George R. R. Martin in The New Yorker

A friend mentioned last night that he was watching a bit of A Game of Thrones, the new HBO series based on George R. R. Martin’s A Song of Ice and Fire series. I’ll probably wait until after the DVD version comes out, if I watch it at all. I’m not generally impressed by visual media adaptations of science fiction and fantasy literature, and have even less use for film & TV only science fiction & fantasy. I’m not a snob, I’m just easily bored. In any case, George R. R. Martin has gotten The New Yorker treatment. I had to laugh at this sentence from near the end of the piece: ‘Martin hopes that, after he surmounts the particular thorny problems of “A Dance with Dragons,” the final two books will come much faster.’ Of course he he said this after the last book. To be fair, there wasn’t that much of a gap between book two and book three.


I still remember the cold January day in 1999 when I picked up a paperback version of A Game of Thrones. My roommate at the time was baked and passed out in front of the television, as was his usual Saturday night ritual. I read the first chapter of A Game of Thrones after having finished Paul Gottfried’s A Conservative Movement. I went to sleep after I got tired, but then finished the book the next day. Lucky for me I had to wait only one day to read the sequel, A Clash of Kings, which had just been published (in hindsight obviously they were pushing copies of the paperback f A Game of Thrones to coincide with the hardcover publication of A Clash of Kings). As someone who had read some of the other “heirs” of Tolkien, such as Robert Jordan, Martin’s contribution put me in the mind that the time had come to put away childish things.

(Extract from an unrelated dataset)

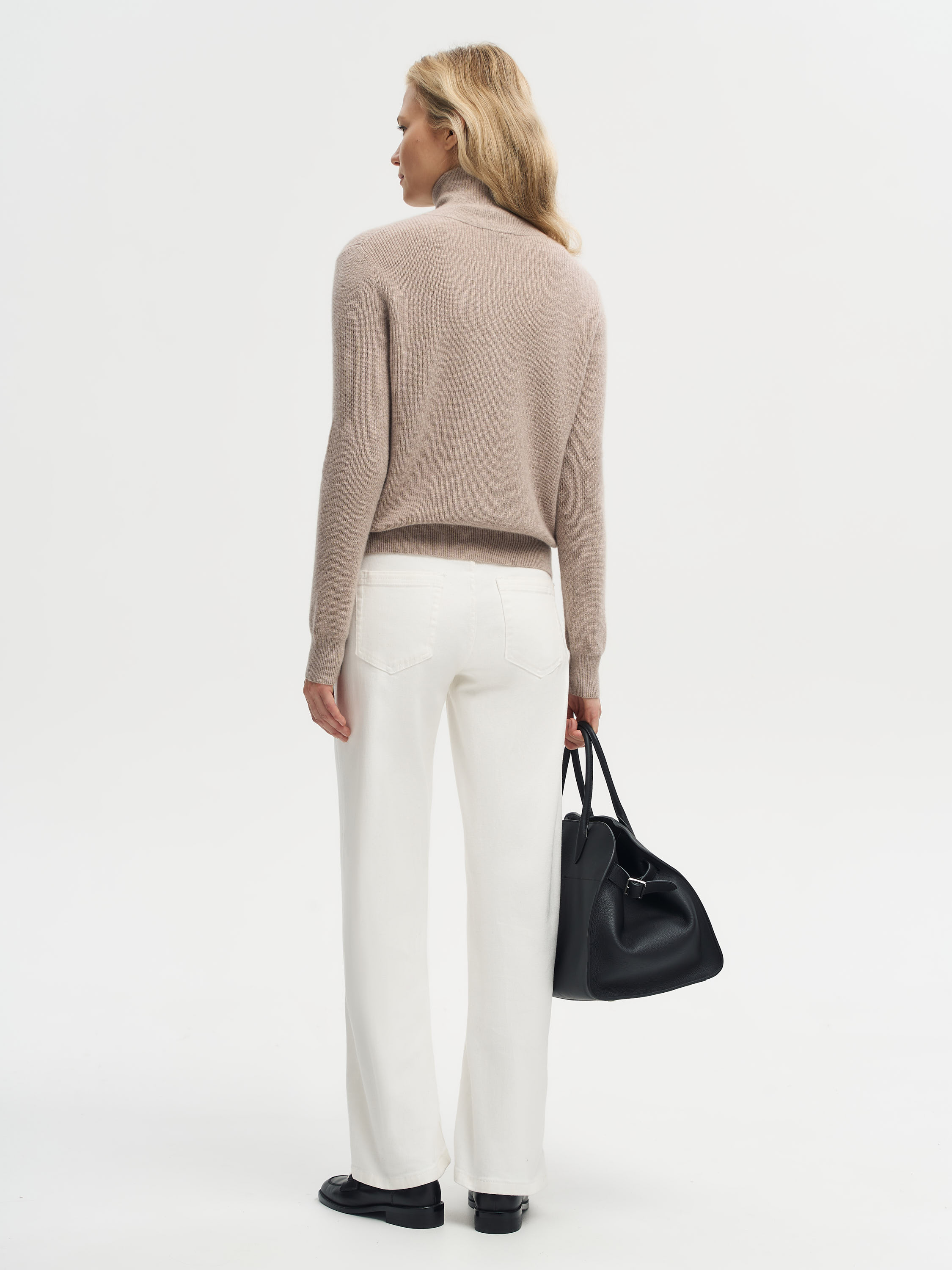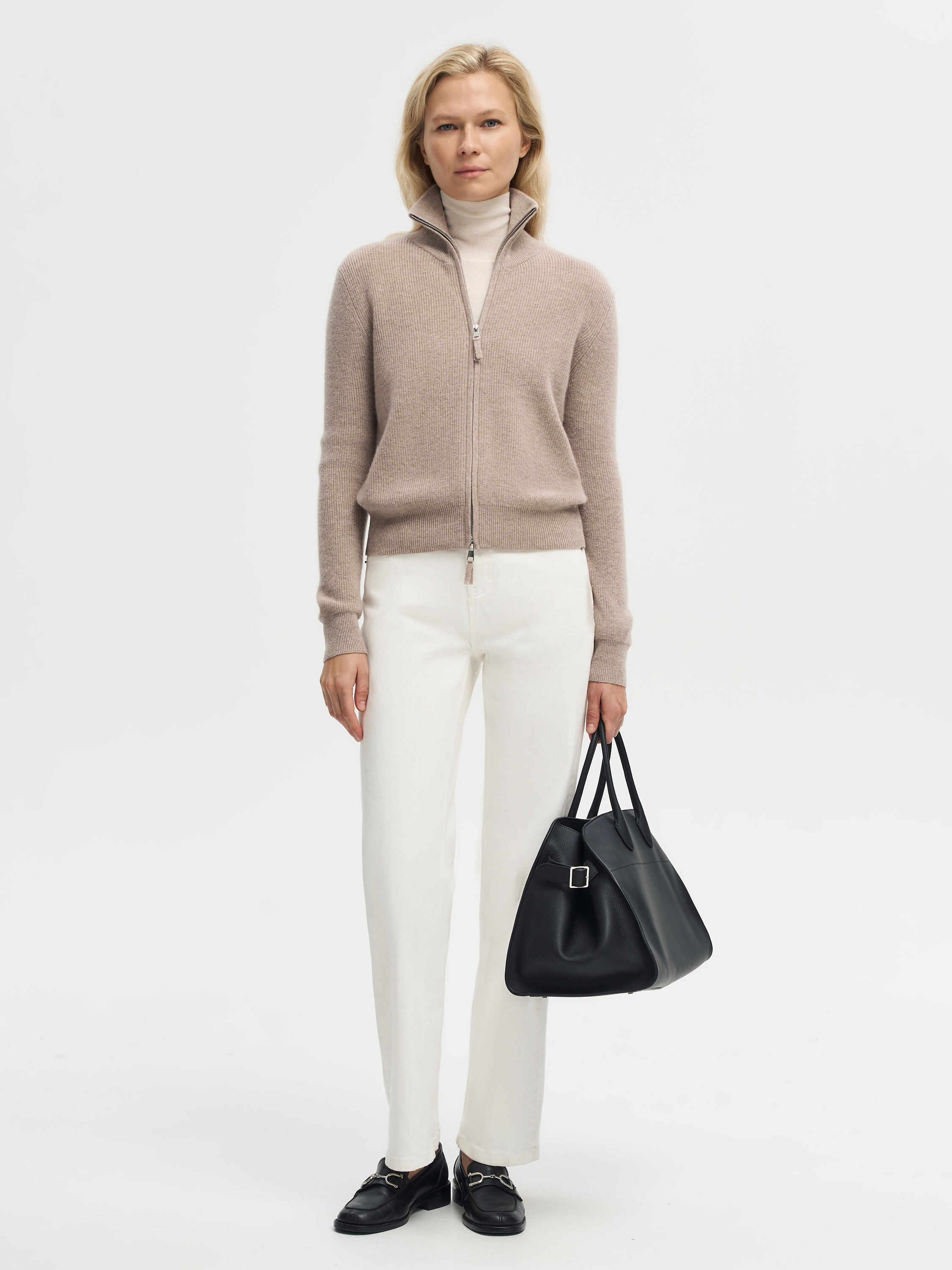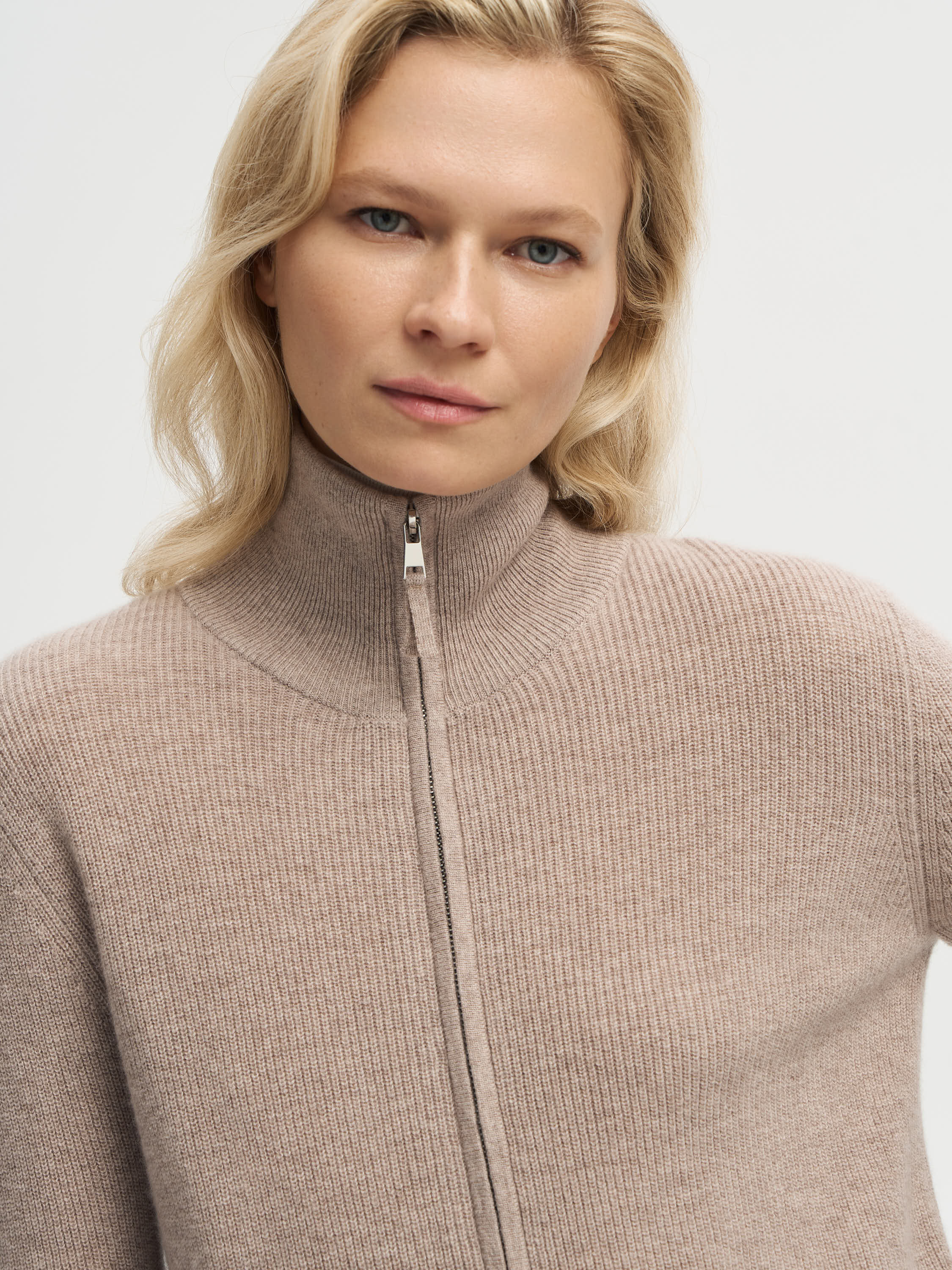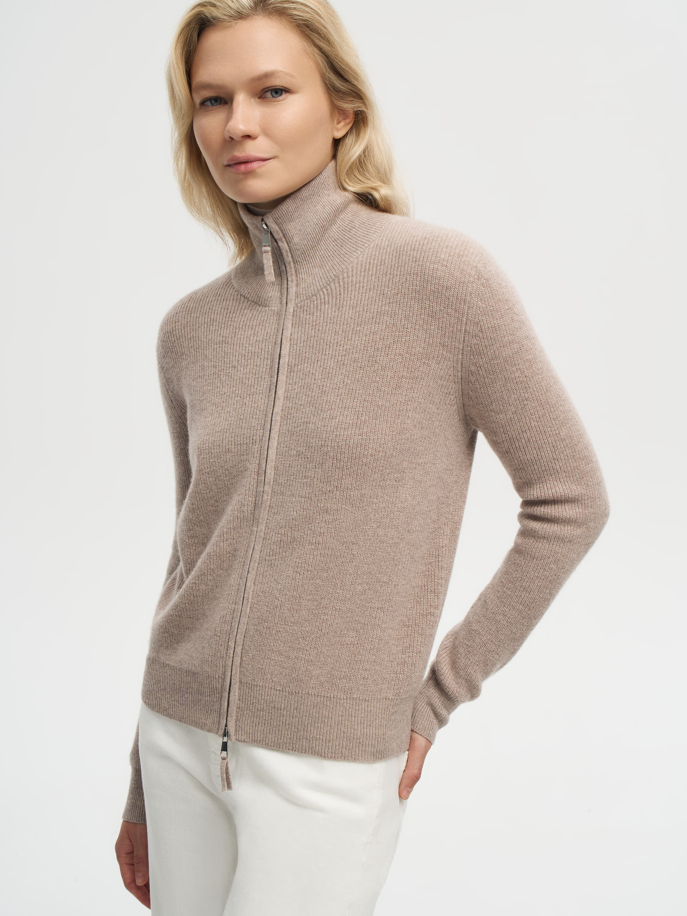 Кардиган выполнен из мягкой пряжи с содержанием мериносовой шерсти и кашемира, что делает его особенно приятным на ощупь и теплым. Укороченный силуэт с четкой линией плеч и акцентными накладными карманами создает современную графичность, а меланжевое переплетение нитей придает фактурности и глубины оттенку. Вырез без воротника делает модель универсальной: ее можно носить на голое тело или сочетать с тонкой водолазкой и топами, создавая расслабленные или более собранные образы.

Martin had a friendly relationship to Robert Jordan, who passed away before completing his series, The Wheel of Time. He has asserted that The Wheel of Time set the groundwork for the panoramic post-Tolkien epic fantasies which A Song of Ice and Fire is an exemplar. In short, no The Wheel of Time, no A Song of Ice and Fire. I think this is probably not totally accurate, insofar as it posits a Great Man model of fantasy literature. But, Robert Jordan’s success clearly was a signal to both writers and publishers about the possibilities of the genre. Yet The New Yorker article also addresses the fact that The Wheel of Time is an elaboration of a formula meant to appeal to twelve year old boys. The repertoire of the various reactions of the characters to the exigencies of life are very limited, and after a few books you become rather tired of the flat personalities on offer. Jordan’s aim seems to have been to make sexual tension intelligible to a twelve year old boy. Unfortunately that makes much of character development ludicrous to those of us who have passed the first blush of puberty. Additionally, the world-building in The Wheel of Time exhibits a tendency toward shallow flash and gimmickry. It has none of the rich historical thickness of Middle-earth or the earthy realism of Westeros.

Though the philosophy of Epicurus has been caricatured by the ignorant as a byword for excess and gluttony, like most ethical systems he argued for the importance of moderation and balance in the aim of the full appreciation of the hedonic experience. The problem with much of heroic fantasy is that it lacks such balance, and does not manage to negotiate the knife’s-edge between the banal world that is, and the fantastical that could be. The juvenile aspect of much of fantasy literature is exhibited in its gluttony for the black & white aspects of the world which a fictional world can give full reign to. The Dark Lord who is the apotheosis of evil. The teenage farm-boy who is good, naive, and also handsome and gifted with incredible powers beyond imagining (and, who at the end of the series finds out that he is in fact the son of a king!). Martin’s great insight, which he clearly shares with other writers such as Robin Hobb, is that writing within the fantasy genre is not a license to engage in every wish-fulfillment. It is a liberty to enchant, and surprise. At least if you aim to appeal to adults who have lived enough life to have experienced enough to intuit that the sweet life is to a large extent given color only by its contrast with the bitter. Perfection does not move.

As for George R. R. Martin and A Song of Ice and Fire, I will probably keep reading. For now. I’m not a public hater, there are more important things in my life than a fantasy series. The first books of his grand vision are the standard now, for me and many others. That’s an achievement in an of itself.